Unfortunately, medical science hasn’t yet been able to categorize every health condition out there, and sometimes, the cause of a specific set of symptoms is unknown or cannot be determined. When this is the case, the condition is said to be idiopathic, or “relating to or denoting any disease or condition which arises spontaneously or for which the cause is unknown” according to the Oxford dictionary.
The term stems from the Greek idios "one's own" and pathos "suffering," which can be approximately translated as “a disease of its own kind.”
The etiology of a certain health condition is a fancy word for its cause. One could say, for example, that the etiology of an idiopathic condition is unknown. The term is derived from the Greek word aitiología, which means "giving a reason for something."
9. Abbreviations for ways to administer a drug
There are many ways a medication can end up in your body, and each of these has its own abbreviation. You may be already familiar with the IV - or the intravenous route - as it’s the common term, but here are a few other shortenings:
- PO—by the mouth.
- SL—sublingual, medication given under the tongue.
- IM—intramuscular, when medication is administered directly into a muscle, like a vaccine shot.
- INH—inhaled, like an asthma inhaler.
- ID—intradermal, medication given under the dermis (top layer of the skin).
You’ve likely heard of the term remission, which stands for the disappearance of the symptoms of a disease. But what is abatement? It’s similar, but not quite the same. Abatement refers to the reduction in the severity of symptoms. For example, allergy vaccines usually lead to abatement but not the full disappearance of the allergy.
Related Article: 25 Medical Terms That Will Impress Your Doctor
11. Miscellaneous abbreviations
Here are a few more useful abbreviations you could encounter in your medical history, and what they mean:
- FUO—fever of undetermined origin
- FH—family history
- V/S—vital signs
- NKA—no known allergies
- WNL—within normal limits.
Topical (or local) treatment or medication is such that is applied to a particular area of the body as opposed to the entire body.
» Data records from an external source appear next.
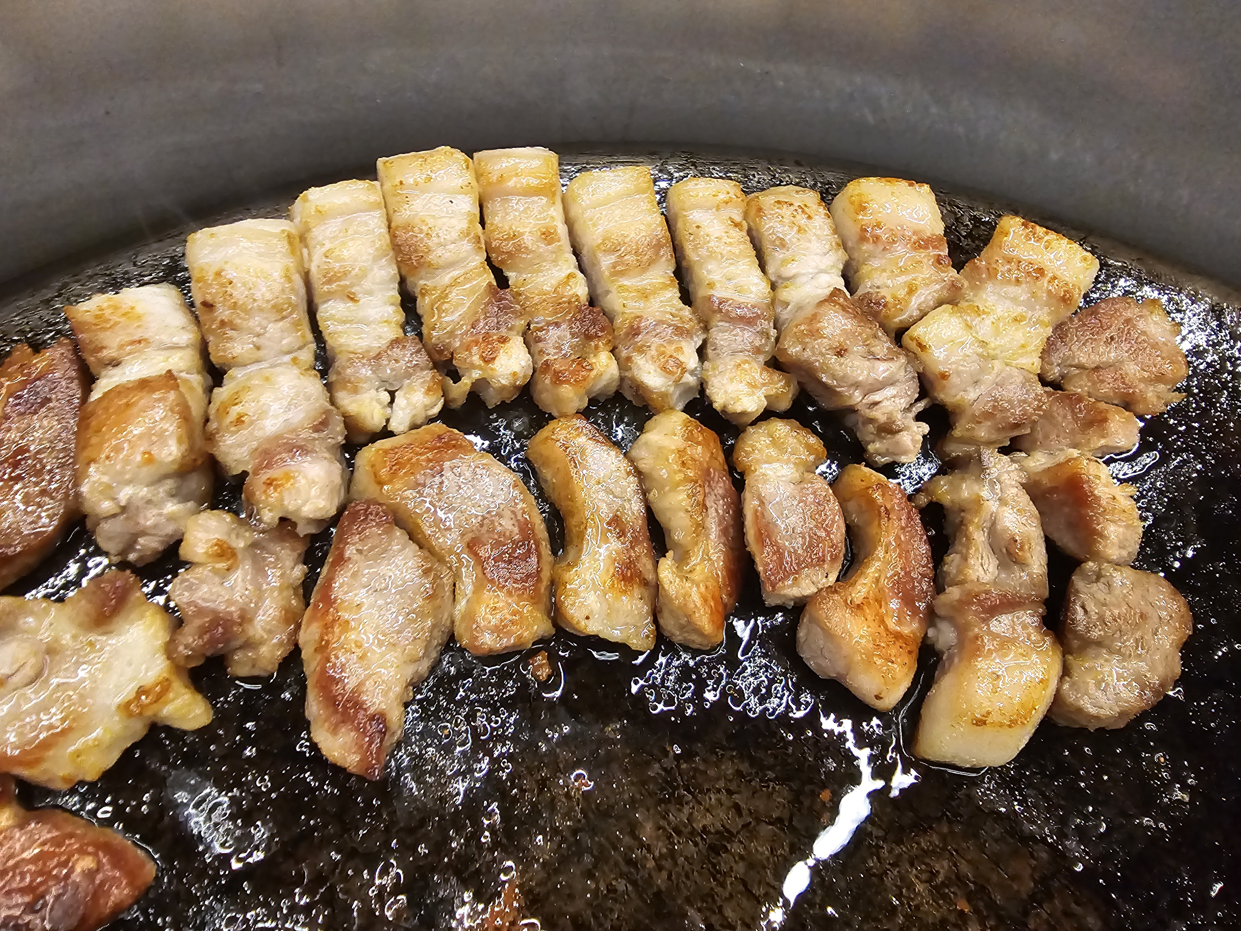 전체적인 맛은 솥뚜껑으로 구운 고기답게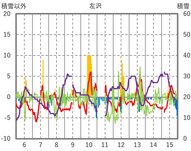 | 日 | 時 | 気温 | 降水 | 風向/風速 | 日照 | 積雪 | 降雪 |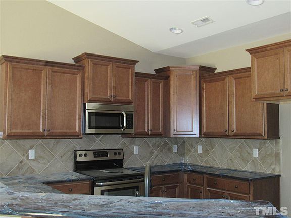 One story Bungalow on beautiful lot backing up to wooded area. Large living/rm w/gas log FP. Stained cabinets, granite counter tops & CT back splash in kitchen. Huge master suite w/his&her walk in closets, dual vanity, separate shower & garden tub. Large mud room off garage and half bath off mud room; sep laundry rm w/ utility sink. 2 car garage and covered rear porch. Builder will install 2" wood faux blinds for you . Great plan and location convenient to I-40. Won't last long!!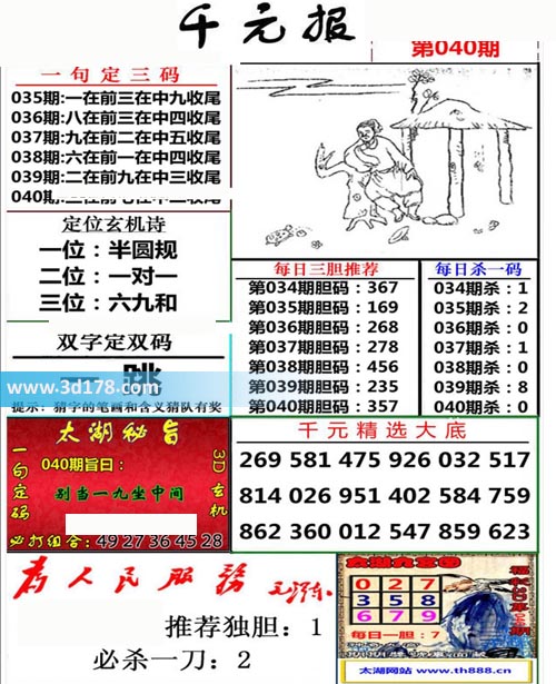 福彩3d第2021040期布衣千元报图详情分析如下: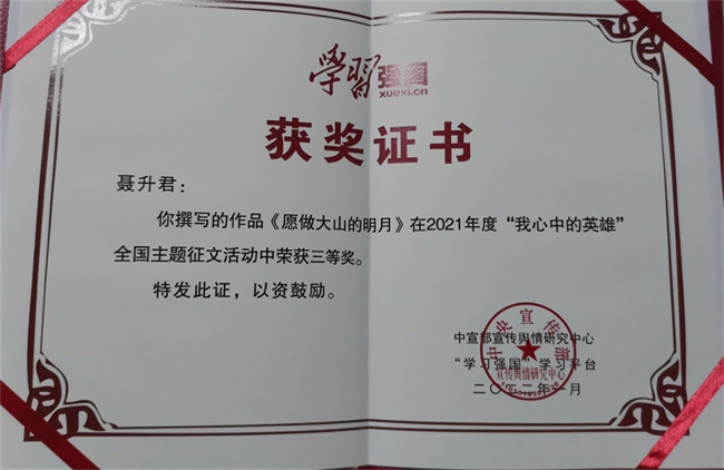 中新河南網(wǎng)1月25日電 近日,“學(xué)習(xí)強(qiáng)國(guó)”學(xué)習(xí)平臺(tái)舉辦的“我心中的英雄”主題征文活動(dòng)獲獎(jiǎng)名單公布,濮陽(yáng)職業(yè)技術(shù)學(xué)院體育健康學(xué)院2019級(jí)學(xué)生聶升君的作品《愿做大山的明月》獲三等獎(jiǎng)。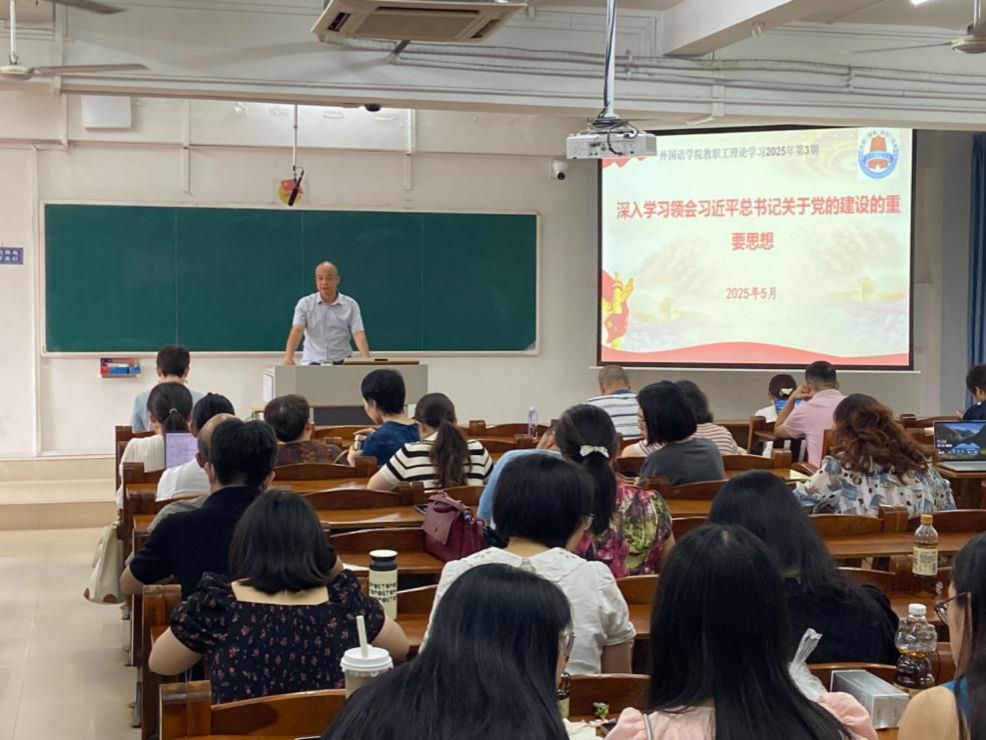 5 月 23 日,外国语学院在教三605 召开全院大会,深入学习领会习近平总书记关于党的建设的重要思想。外国语学院全体教职工参加会议,会议由学院党委书记陈永国主持。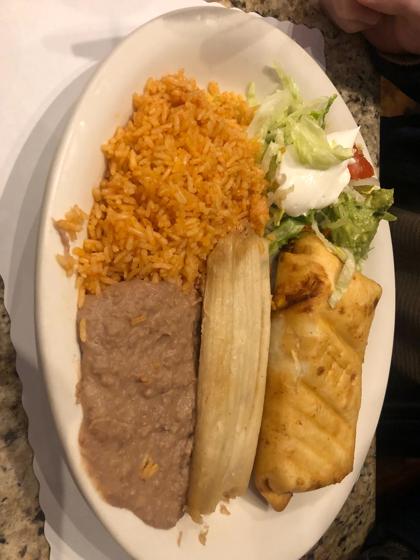 We then split the fajitas (and took a lot home as leftovers). We tried the combo with steak, chicken, and shrimp and I was surprised that the shrimp tasted good. Most restaurants overcook shrimp like this, but La Hacienda's shrimp was moist and cooked just right.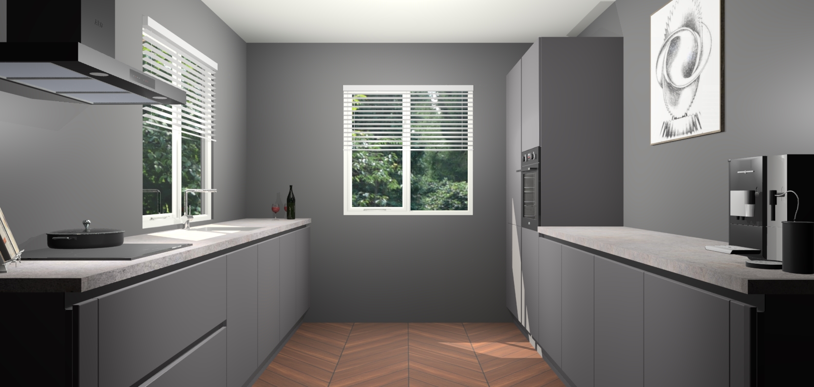 Welkom bij de Onyxgrijze greeploze keuken Lusaka. Deze prachtige keuken zal de komende jaren het middelpunt van de belangstelling in uw huis zijn. Uitgerust met vijf inbouwapparaten komt u nooit kookgereedschap tekort. Bovendien geeft de warme houtlook elke ruimte een uitnodigende en tijdloze uitstraling.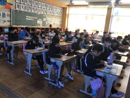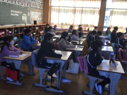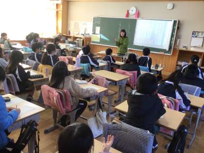 4年生の国語の授業です。人権週間の取り組みの一つとして、人権標語コンクールに応募します。昨年度の優秀作品を子どもたちに紹介してから考えるようにしていました。人権について考える機会になると思います。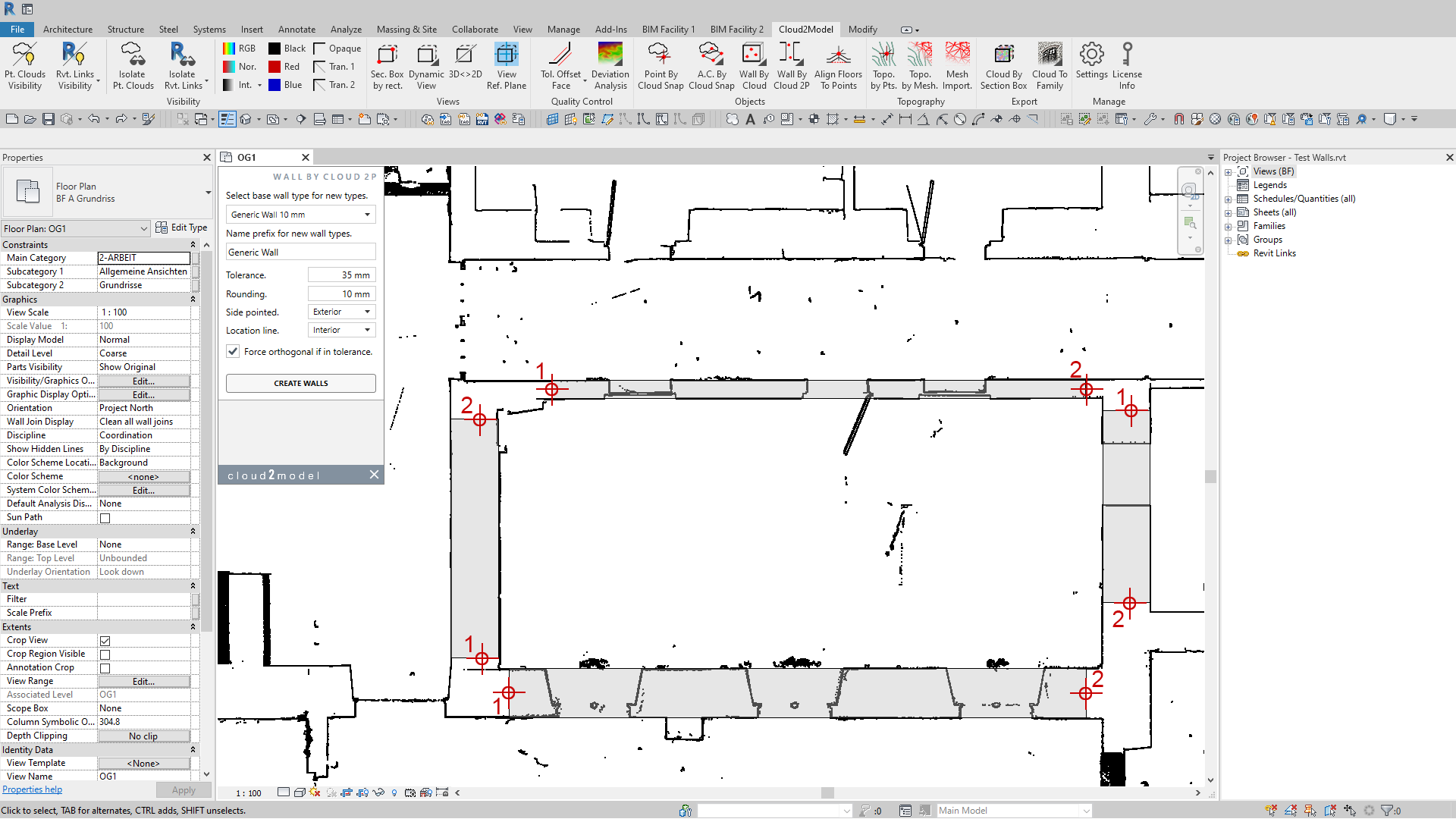Leave cloud2model to do the hard job in complex plan layout. Instant creation of perfect matching walls with just two loose clicks over the point cloud. And with full control of the wall and wall type properties.

Most often, this refers to a medication in a cream or ointment form that is intended to be used on the surface of the skin or mucous membranes. For example, if you have an insect bite, you can apply Panthenol creme topically (or locally).
The term syndrome is often confused with either symptom or disease, but it’s neither of those things. While diseases or disorders both have a definite and identifiable medical cause, a syndrome is a collection of signs and symptoms that might not always have a definite cause. For example, the common cold is a disease that is most commonly caused by rhinoviruses, so it wouldn’t be correct to call the common cold a syndrome.
Carpal tunnel, on the other hand, is called a syndrome because it happens as a result of the compression of the median nerve in the wrist, but it can be caused a few different things, including fractures, fluid retention, diabetes, and even high blood pressure.